To take part in this course you need to have a Unix/Linux bash shell installed on your computer. Luckily Windows 10 has made this so much easier than it used to be and you can run an almost complete Linux subsystem on your windows PC.

Open a powershell (search for powershell in the search bar) as an administrator (right click on the program) and copy and paste the following command:

Enable-WindowsOptionalFeature -Online -FeatureName Microsoft-Windows-Subsystem-Linux

You will then be prompted to restart your computer. After booting up again, open the Microsoft store app and search for your preferred linux distribution. We will be using Ubuntu for this course, so I would suggest using that but if you want to use another one that's also ok.

Once installed, open the terminal and provide a username and password. To download the contents of this course type or copy paste the following into your terminal (recommended that you do this on the day/night before as it is liable to change):

git clone https://github.com/adamsorbie/unix_shell_course-2020-02-14.git

if that doesn't work then you may need to install git first, you can do this by typing:

sudo apt update

followed by:

sudo apt install git

then repeat the above command.

Background

In this short course you will learn the very basics of how to use the Unix shell. Most tools used in Bioinformatics are written for command line use and understanding how to use the shell will allow you to use these tools in your own research.
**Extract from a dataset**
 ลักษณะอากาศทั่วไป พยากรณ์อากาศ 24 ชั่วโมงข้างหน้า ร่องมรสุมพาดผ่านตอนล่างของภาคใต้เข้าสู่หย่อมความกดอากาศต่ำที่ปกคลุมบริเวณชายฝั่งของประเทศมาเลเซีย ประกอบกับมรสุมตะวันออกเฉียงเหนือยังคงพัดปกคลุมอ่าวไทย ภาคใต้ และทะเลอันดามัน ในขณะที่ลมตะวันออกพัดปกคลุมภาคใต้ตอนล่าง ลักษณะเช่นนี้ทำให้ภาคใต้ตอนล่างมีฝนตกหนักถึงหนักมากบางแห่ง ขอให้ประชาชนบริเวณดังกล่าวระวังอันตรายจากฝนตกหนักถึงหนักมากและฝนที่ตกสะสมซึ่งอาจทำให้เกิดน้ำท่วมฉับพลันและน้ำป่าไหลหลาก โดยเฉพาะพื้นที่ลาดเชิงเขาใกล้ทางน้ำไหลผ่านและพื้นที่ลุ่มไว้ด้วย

Additionally, knowing a little bit of bash scripting is very helpful for automating annoying, repetitive tasks and can help make your analyses more reproducible.

Course conventions

  • Anytime you see a path with yourusername in it e.g. /home/yourusername please replace "yourusername" with the username you chose for yourself during the installation.
  • If you have any questions or something isn't working, you can interrupt me at any time to ask.

The basic anatomy of a command line call

Running a tool in the command line follows a simple pattern. At first you have to write the name of the command. Some command line tools require additional parameters. While the parameters are the requirement of the program the actual values we give are called arguments. There are two different ways how to pass those arguments to a program - via keyword parameters (also called named keywords, flags or options) or via positional parameters. The common pattern looks like this (<> indicates required items, [] indicates optional items):

<program name> [keyword parameters] [positional parameters]
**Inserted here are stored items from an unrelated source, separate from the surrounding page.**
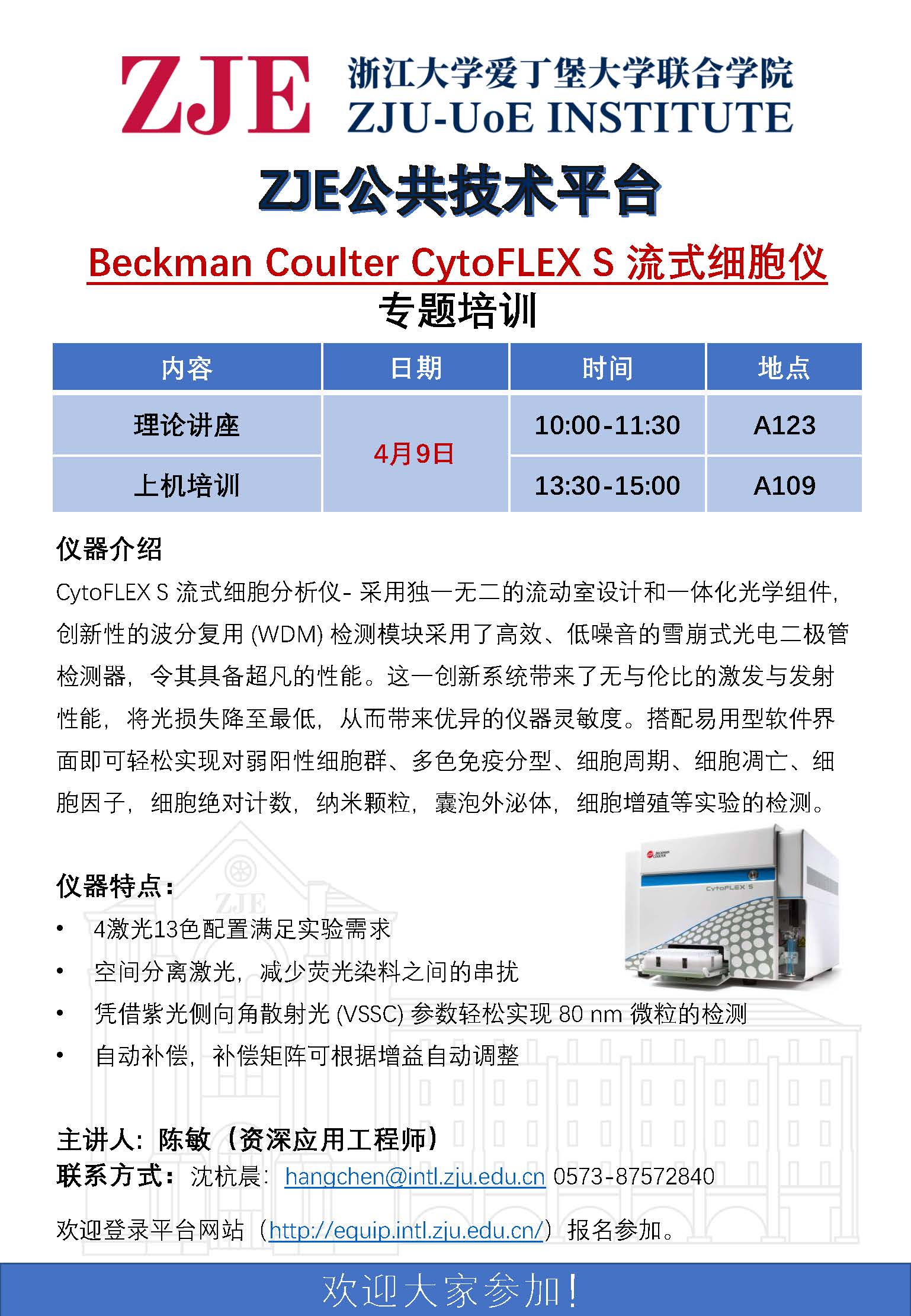 ZJE公共技术平台—Beckman Coulter CytoFLEX S 流式细胞仪专题培训
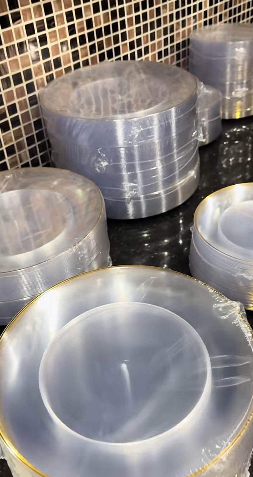 Usahawan itu turut menunjukkan beberapa barangan lain yang dibeli seperti mangkuk pakai buang yang lebih mewah dan cantik.
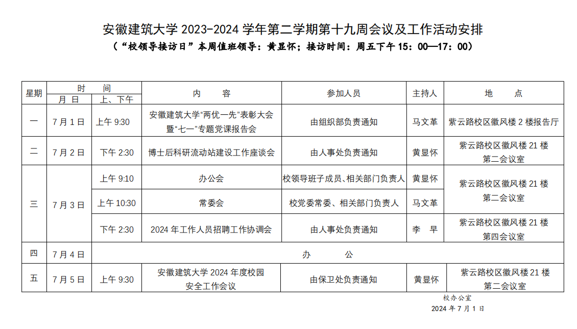 安徽建筑大学2023-2024学年第二学期第十九周会议及工作活动安排

An example is calling the program ls which lists the content of a directory. You can call it without any argument

$ ls

or with one or more keyword arguments

$ ls -l
$ ls -lh

or with one or more positional arguments

$ ls test_folder

or with both keyword and positional arguments

$ ls -l test_folder

The output of a command is written usually to the so called standard output of the shell which is shown on the screen when you call the command.

How to get help

Perhaps the most important command to know, although not particularly helpful if you don't understand anything yet, is man which stands for manual. Most commands have a manual and man allows you to read those. Reading the manual should tell you what the command does and how to use it. For example, to get the man of ls type

$ man ls

To close the manual use q. Note some tools may offer help in a different way, common ones are -h, -help or --help. For example cd:

$ cd --help

Tab Completion

One of the most useful things about bash is tab completion. Pressing Tab after typing the first few letters of a command/file/folder will autocomplete it. Be aware that if there are multiple commands or files starting with the same few letters then the bash shell will not know which one to choose. You can double press to reveal all of the options or just continue typing until the name is unique. Programmers are lazy, be lazy too.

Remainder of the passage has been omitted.